BEGIN Dataset excerpt

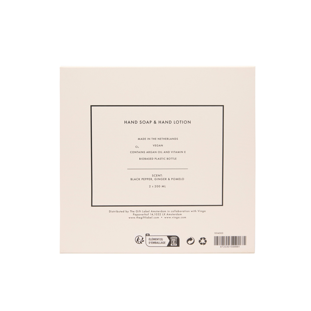 Zijdezachte handen, elke dag. Verzorg je handen met deze heerlijk geurende unisex set, bestaande uit twee flacons van 200 ml: handzeep en handlotion. Met de warme, pittige geur van zwarte peper, gember en pomelo laat deze set je handen zacht, gevoed en subtiel geparfumeerd aanvoelen. Een aanraking die mensen zullen onthouden. Elegant verpakt in een geschenkdoos in crème-wit en zwart.
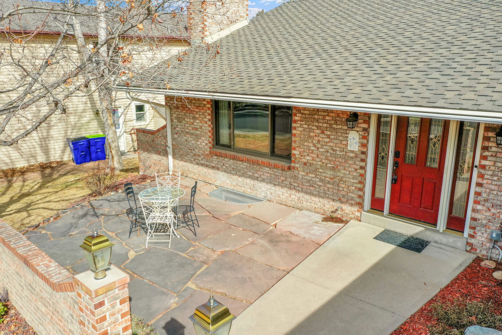 Brick Siding, Chimney, Gutters, Outdoor Dining Area, Porch, Shingle Roof, Downspout, Patio, Stoop
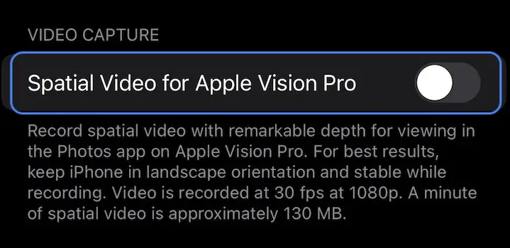 - 3. Turn On Spatial Video For Apple Vision Pro, available under the Video Capture section.

END Dataset excerpt

Except for the pictures, print the data above exactly.

Answer to this task:
 Zijdezachte handen, elke dag. Verzorg je handen met deze heerlijk geurende unisex set, bestaande uit twee flacons van 200 ml: handzeep en handlotion. Met de warme, pittige geur van zwarte peper, gember en pomelo laat deze set je handen zacht, gevoed en subtiel geparfumeerd aanvoelen. Een aanraking die mensen zullen onthouden. Elegant verpakt in een geschenkdoos in crème-wit en zwart.
 Brick Siding, Chimney, Gutters, Outdoor Dining Area, Porch, Shingle Roof, Downspout, Patio, Stoop
 - 3. Turn On Spatial Video For Apple Vision Pro, available under the Video Capture section.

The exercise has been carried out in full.